(Beginning of Exercise data)

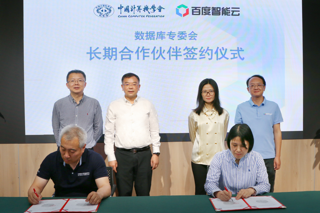 会上,百度智能云数据库业务部负责人于淼与中国计算机学会数据库专委会秘书长、中国人民大学教授陈跃国代表双方签约,百度集团副总裁袁佛玉以及百度智能云数据平台部总经理刘斌,中国计算机学会数据库专委会主任、华东师范大学原副校长周傲英与中国计算机学会数据库专委会副主任、北京大学计算机学院副院长崔斌见签。
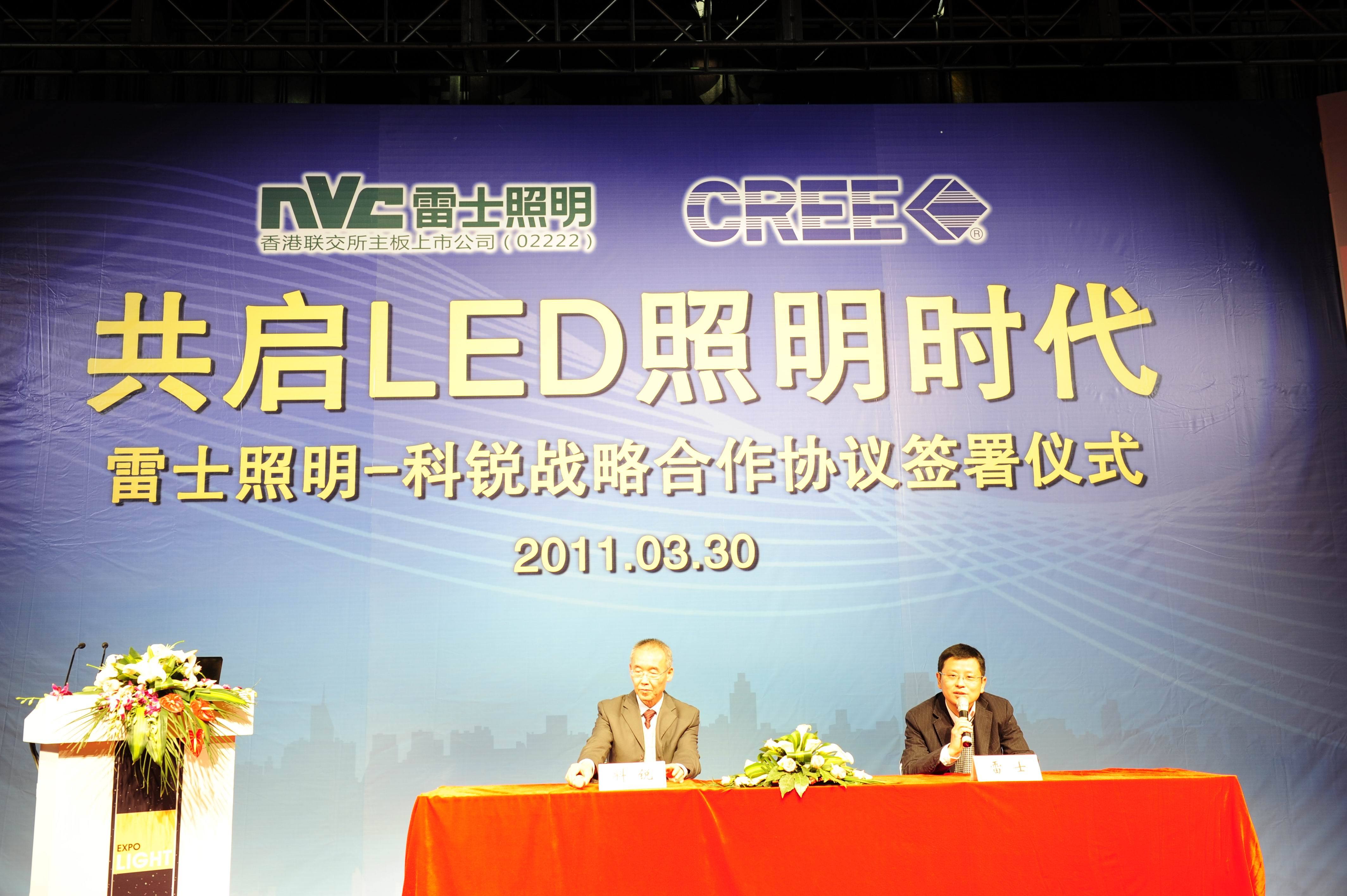 中國(guó)惠州2011年3月31電 /美通社亞洲/ -- 2011 年 3月 30日,在上海燈火璀璨的“東方之珠”電視塔和舉世矚目的上海世博園附近,兩個(gè)從事照明產(chǎn)業(yè)的“大腕”握手合作——國(guó)際知名專業(yè)照明企業(yè)雷士照明(香港主板上市代號(hào):2222)與全球LED 照明領(lǐng)域的行業(yè)領(lǐng)先者科銳公司(Nasdaq: CREE) 在此簽署戰(zhàn)略合作協(xié)議。“雷士照明是中國(guó)照明行業(yè)的領(lǐng)軍企業(yè),是LED照明應(yīng)用領(lǐng)域的領(lǐng)先者,在中國(guó)具有無法比擬的品牌和渠道優(yōu)勢(shì)。” 科銳中國(guó)市場(chǎng)總經(jīng)理唐國(guó)慶先生說。雷士照明董事長(zhǎng)吳長(zhǎng)江則表示,雷士將以低碳節(jié)能技術(shù)和產(chǎn)品優(yōu)勢(shì)繼續(xù)領(lǐng)跑LED節(jié)能照明市場(chǎng)。按照協(xié)議,雷士與科銳的合作將主要體現(xiàn)在照明應(yīng)用開發(fā)、技術(shù)交流合作、推動(dòng)市場(chǎng)發(fā)展等方面,雙方將進(jìn)行強(qiáng)強(qiáng)聯(lián)合,全面推動(dòng)半導(dǎo)體照明產(chǎn)業(yè)的發(fā)展與變革。
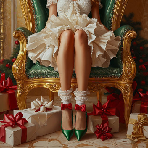 photorealistic image of a woman's legs sitting with red and white stockings on and a white frilly christmas dress, shot from the wasit down, she is seated in a gold santa chair and there are a bunch of presents that have been unwrapped all around her feet. Wrapping paper and bows are all around. She is wearing green high heels.

(End of Exercise data)

• **What to do**: Where a picture appears in the data, omit it; restate the rest word for word.

• **Your response**:
 会上,百度智能云数据库业务部负责人于淼与中国计算机学会数据库专委会秘书长、中国人民大学教授陈跃国代表双方签约,百度集团副总裁袁佛玉以及百度智能云数据平台部总经理刘斌,中国计算机学会数据库专委会主任、华东师范大学原副校长周傲英与中国计算机学会数据库专委会副主任、北京大学计算机学院副院长崔斌见签。
 中國(guó)惠州2011年3月31電 /美通社亞洲/ -- 2011 年 3月 30日,在上海燈火璀璨的“東方之珠”電視塔和舉世矚目的上海世博園附近,兩個(gè)從事照明產(chǎn)業(yè)的“大腕”握手合作——國(guó)際知名專業(yè)照明企業(yè)雷士照明(香港主板上市代號(hào):2222)與全球LED 照明領(lǐng)域的行業(yè)領(lǐng)先者科銳公司(Nasdaq: CREE) 在此簽署戰(zhàn)略合作協(xié)議。“雷士照明是中國(guó)照明行業(yè)的領(lǐng)軍企業(yè),是LED照明應(yīng)用領(lǐng)域的領(lǐng)先者,在中國(guó)具有無法比擬的品牌和渠道優(yōu)勢(shì)。” 科銳中國(guó)市場(chǎng)總經(jīng)理唐國(guó)慶先生說。雷士照明董事長(zhǎng)吳長(zhǎng)江則表示,雷士將以低碳節(jié)能技術(shù)和產(chǎn)品優(yōu)勢(shì)繼續(xù)領(lǐng)跑LED節(jié)能照明市場(chǎng)。按照協(xié)議,雷士與科銳的合作將主要體現(xiàn)在照明應(yīng)用開發(fā)、技術(shù)交流合作、推動(dòng)市場(chǎng)發(fā)展等方面,雙方將進(jìn)行強(qiáng)強(qiáng)聯(lián)合,全面推動(dòng)半導(dǎo)體照明產(chǎn)業(yè)的發(fā)展與變革。
 photorealistic image of a woman's legs sitting with red and white stockings on and a white frilly christmas dress, shot from the wasit down, she is seated in a gold santa chair and there are a bunch of presents that have been unwrapped all around her feet. Wrapping paper and bows are all around. She is wearing green high heels.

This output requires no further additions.